The Post-AI Analyst
The analyst role is not disappearing. It's expanding so fast that the old job description already feels stale.
For years, the analytics stack created handoffs everywhere. A stakeholder asked a question. An analyst translated it. An analytics engineer transformed data. A data engineer maintained pipelines. A BI layer surfaced metrics. Everyone waited on everyone.
That operating model is collapsing.
With AI agents, one person can now do the mechanical work that used to require a small pod. Querying. Modeling. Dashboards. Documentation. Basic pipeline patches. Drafting PRs. Iterating on definitions. The execution layer got radically cheaper.
So if execution is cheap, what becomes scarce?
Context. Judgment. Trust.
This is not a eulogy. The role is alive. But narrow analysts are done.
The New Moat: Business Intimacy + Data Judgment
If your differentiation was "I can write SQL faster than others," AI will eat that edge.
If your differentiation is "I deeply understand how this business works, what decisions matter, how metrics get gamed, where data lies, and how to build trust into self-service," your leverage just went up.
In the post-AI org, the analyst becomes the business-facing AI enablement layer for anything data-related.
Not the human query engine.
The architect of how business teams ask questions, get answers, and trust those answers.
Role Boundaries Are Melting. Good.
A trend I keep seeing across tech companies: titles matter less, impact surface matters more.
Call it "member of technical staff," call it "full-stack data," call it whatever you want. The pattern is the same: orgs are increasingly saying, "I don't care what your old box was.
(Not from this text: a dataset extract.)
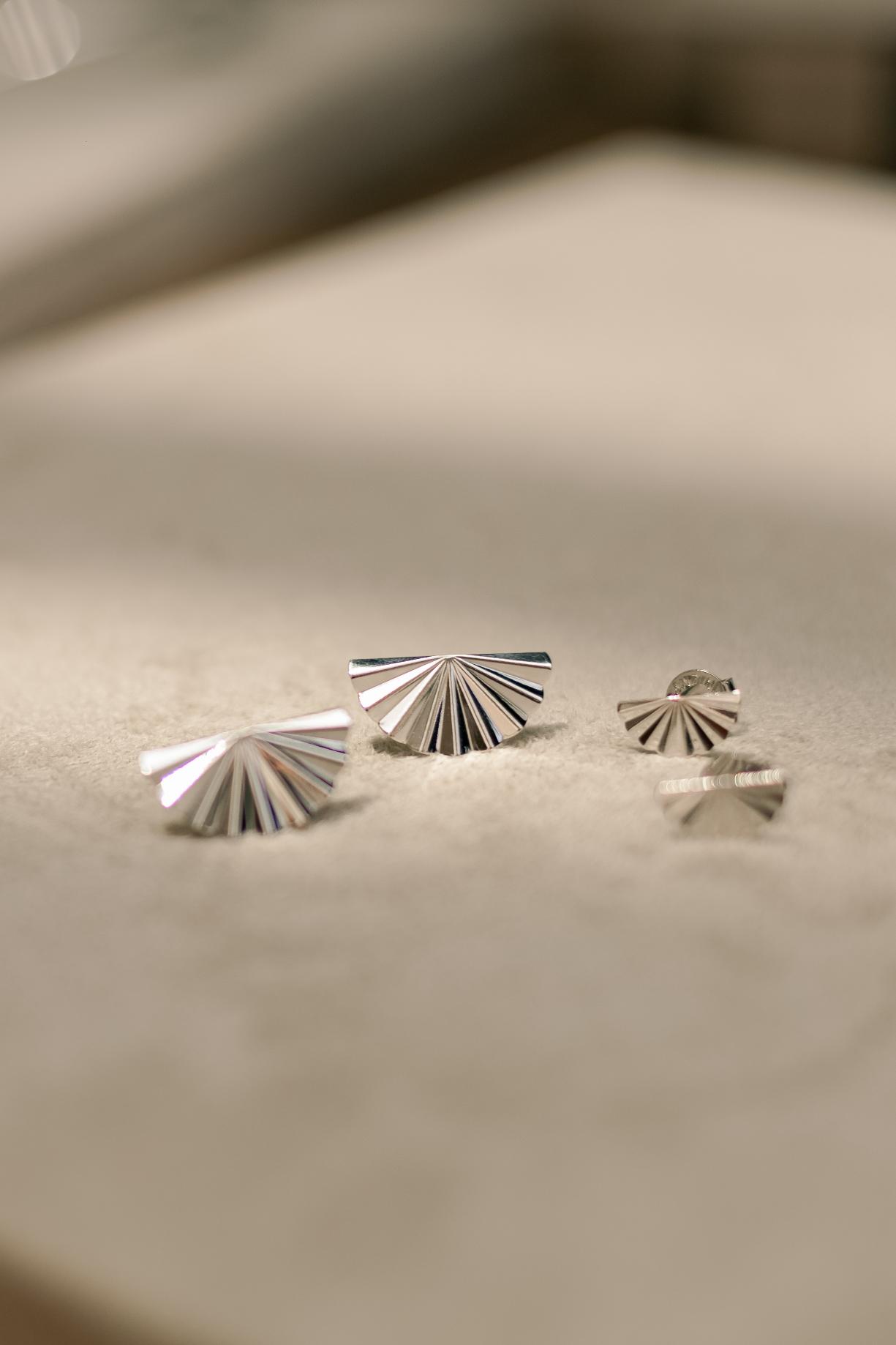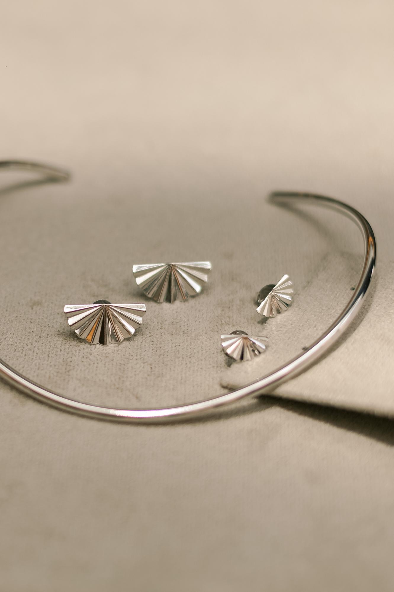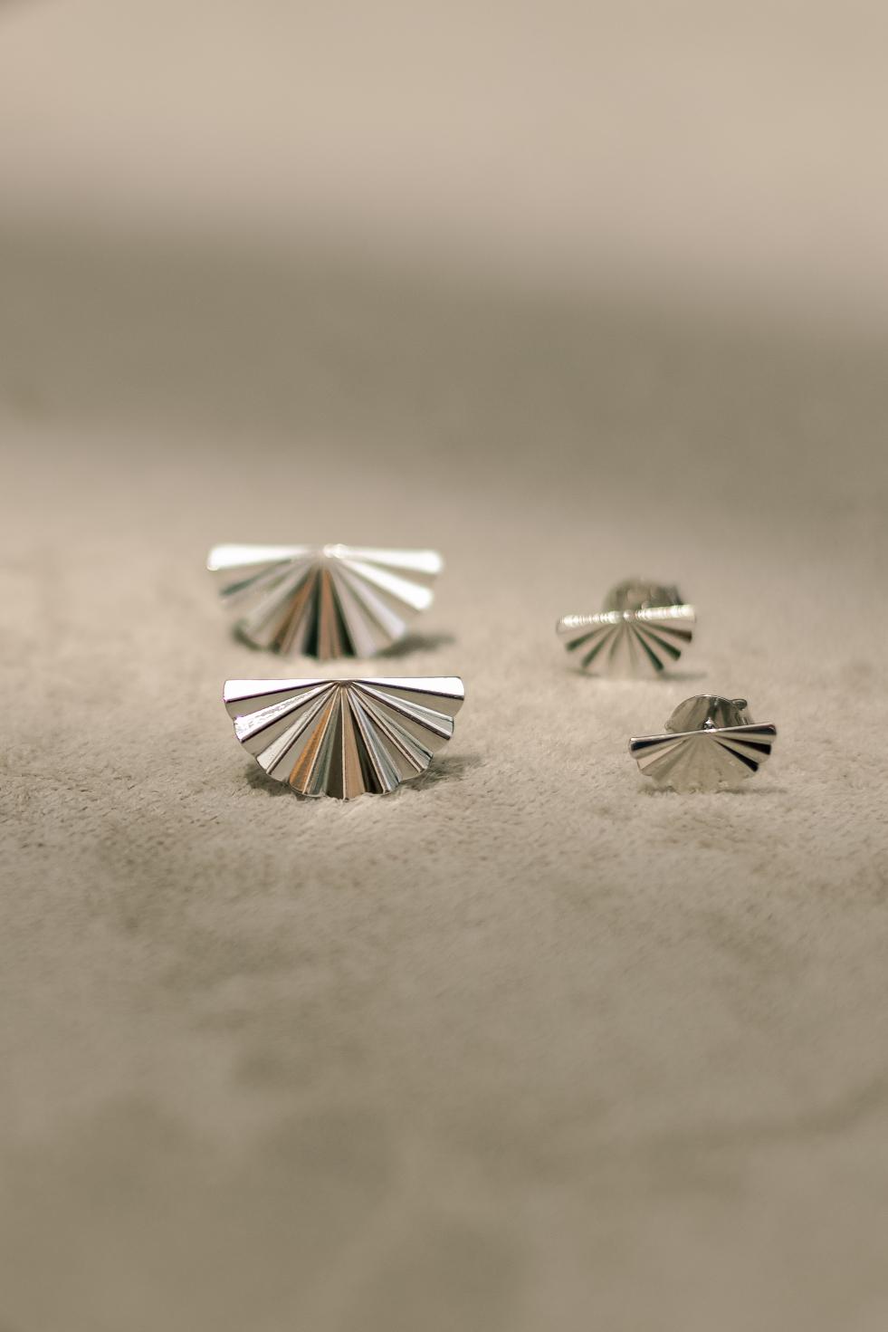 Brinco em formato de leque no banho de ródio branco.

Work with agents. Work across boundaries. Ship outcomes."
That means:
- The data engineer can do analyst-style exploration when needed.
- The analyst can ship semantic models, docs, and agent instructions that look like analytics engineering work.
- The analytics engineer can move up into business decision quality and metric governance.
The handoff economy is dying. Outcome ownership is replacing it.
Self-Service Without Trust Is Just Faster Confusion
Everyone says they want self-service. Most teams still confuse it with "more people can run queries now."
That's not self-service. That's query decentralization.
Real self-service means people across Product, Sales, CS, Marketing, and Engineering can answer meaningful questions quickly without creating analytical chaos.
AI gets you the speed.
You still need humans to design trust.
In practice, that usually means investing in ingredients like:
- Semantic models and shared metric language
- Curated context for agents (docs, definitions, known caveats)
- Specialist agents with scoped access and domain instructions
- Review loops for high-impact decisions
- Provenance and explainability norms
- Guardrails around permissions, compliance, and data quality
No silver-bullet framework. No one-size-fits-all playbook. Just deliberate system design.
What This Looks Like in the Real World
At Preset, we've seen how far this can go with specialized assistants.
In AI Enablement Engineer: The Highest-Leverage Role in Tech, I described the emerging role focused on scaling AI leverage across teams.
In Meet DatAgor, Preset's AI Data Engineer, you can see a concrete data example: a specialist assistant with access to our warehouse, dbt context, dashboard layer, and operational workflows. It helps democratize access to analysis while staying grounded in the actual data system.
That pattern matters for analysts. You can be the person who defines, curates, and operationalizes this layer for your company.
The Career Move: Become the Leader of Trusted Data Self-Service
If you're an analyst wondering how to stay relevant, here's the blunt answer:
Don't defend your old boundary. Own the new surface area.
Your job is increasingly to:
- Bring business context into AI-assisted analytics workflows
- Raise decision quality, not just dashboard velocity
- Encode definitions and judgment into reusable assets
- Partner with data and platform teams on trust scaffolding
- Teach the organization how to work with data agents responsibly
This is not "learn prompt engineering and call it a day."
This is leadership.
Not necessarily people management. Leadership in system design, decision quality, and organizational leverage.
The Shift
If AI can do more of the execution, then analysts must do more of the meaning-making.
If roles are collapsing, then analysts should widen, not retreat.
If self-service is accelerating, then trust must accelerate with it.
If everyone can ask the data questions, someone still has to ensure the answers are coherent, comparable, explainable, and decision-grade.
That someone can be you.
The post-AI analyst is not a report builder.
The post-AI analyst leads trusted self-service.
Maxime Beauchemin is the creator of Apache Airflow and Apache Superset, and CEO of Preset. He's currently building Agor, a multiplayer canvas for orchestrating AI agents.